Tuesday, March 31, 2009

Post-poll, the prodigals could return home

By Siddharth Bhatia

The United Progressive Alliance is dead. True, there are some partners still holding together and the Congress is still making a brave face of it, but the UPA formation, as it was for five years, is no more. This was an arrangement that came into being after the BJP-led NDA lost the 2004 elections and lasted, with a few hiccups along the way, till now. But just before the elections, that coalition has collapsed.

Though the sudden exit of two key partners, Lalu Yadav and Ram Vilas Paswan precipitated the demise of the UPA, the signs were there much earlier. The Congress got into a fight with many of its partners. Sharad Pawar's naked ambition and his maneuverings to get more seats in Maharashtra provided a clue.Now the PMK in Tamil Nadu has defected to the AIADMK, considerably weakening the coalition. Other, smaller groupings are chafing too. What is left behind cannot be really called the UPA.

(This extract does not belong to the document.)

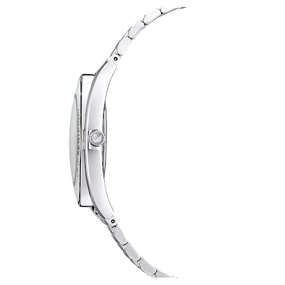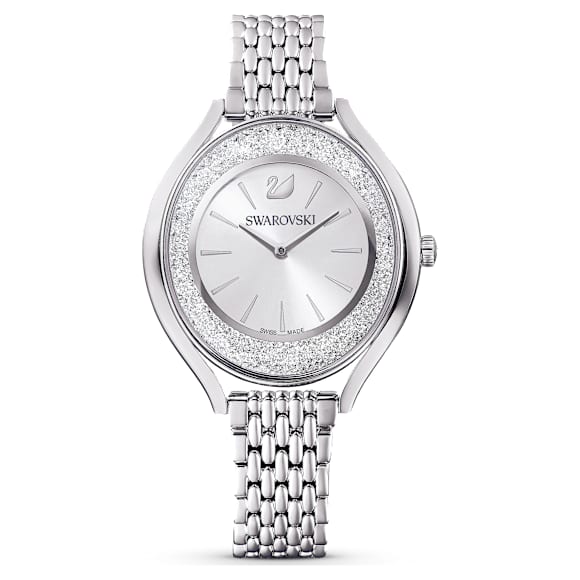 Eminently elegant: This Swarovski watch from our Crystalline Aura Collection artfully combines form and function. More than 1,300 crystals in the stainless steel case create a brilliant sparkling effect. A stainless steel bracelet and a white silver tone dial with the Swarovski swan at 12 o'clock complete the sophisticated design. This Swiss made watch is water resistant up to 50...

A similar problem, on a smaller scale, is being seen with the National Democratic Alliance. Naveen Patnaik craftily parted ways with his decade-old partners the BJP. If the BJP persists with defending Varun Gandhi, they could find Nitish Kumar too decamping. Nitish suddenly sees himself as a prospective Prime Minister-he is not going to risk that chance because of some political upstart who couldn't control his tongue. The BJP's bigger worry is internal warfare which could exacerbate after the polls, especially if the party does poorly in the elections.

Thus, both formations built around national parties are in trouble and the regional parties, big and small are emerging as key players. Some have got together to form a loose confederation, which is in search of a name. Excited political pundits, ever on the lookout for that elusive beast, the non-Congress, non-BJP coalition, have already anointed it as the next government. This has happened before, they tell us - in 1989 and again in 1996 - and could definitely happen again. Is this so? Let us examine the evidence as it stands today.

It is a given that to form any future government, the "Third Front" will have to cobble together 272 seats, which implies that the two big parties between them should get less than that number. But is it as simple as that? Assume that the Congress and the BJP combined do not get more than 250 seats. The rest should theoretically not have a problem forming the majority. But the "rest" includes parties that will not, under any circumstances, come together. Yes, we know that politics makes strange bedfellows, but it is highly improbable that Lalu will sit with Nitish, AIADMK with DMK or Mulayamwith Mayawati. That would leave out between 70-90 members out, whichever way one counts it. The Front would collapse before it is built.

Which leaves open two other possibilities-a Front supported by the BJP or the Congress, from the outside. That too has many precedents, the last one being the Congress supported governments of H D Deve Gowda and I K Gujral. The Congress would be happy to keep the BJP out and the BJP would return the compliment. Such a formation will be a fragile one and may not last for more than two years, if past experience is anything to go by. This is what many, including the stock markets are factoring into their calculations and getting jittery about.

But in all these calculations, the probability - however remote - that the Congress or the BJP would do better than most people give them credit for is rarely considered. The collapse of the two national parties is seen as a foregone conclusion; anti-incumbency, weak organization, lack of any wave in favour of either, public anger all are cited as reasons for their imminent poor performance.

The Congress is dismissed for having not performed during it'sr five years in power and the "India Shining" story, which numbed the NDA into believing that it would win once more, is held out as an example of foolhardy thinking. Indeed, the very fact that the Congress's allies are deserting it is seen as a vindication that the party will perform poorly. The same is the story with the NDA.

But we must consider yet another possibility-that of an entirely new alliance forming after the elections. It may not be the UPA or even the NDA, as we know them, but could have a big, national party at its centre and a different name. All the smaller parties, which have opted out to fight the polls on their own could happily come back if they see their future lies with a big party-led coalition rather than with other smaller parties each of which would be tugging in a different direction. New permutations and combinations could be formed-a PMK-AIADMK formation could easily be incorporated into a new "UPA" as much as the BJD walking back into a new "NDA."

Thus, the pre-poll scenario of every one fighting on their own should not concern us as much as what the post-poll arrangements will be. In politics, tomorrow is always another day.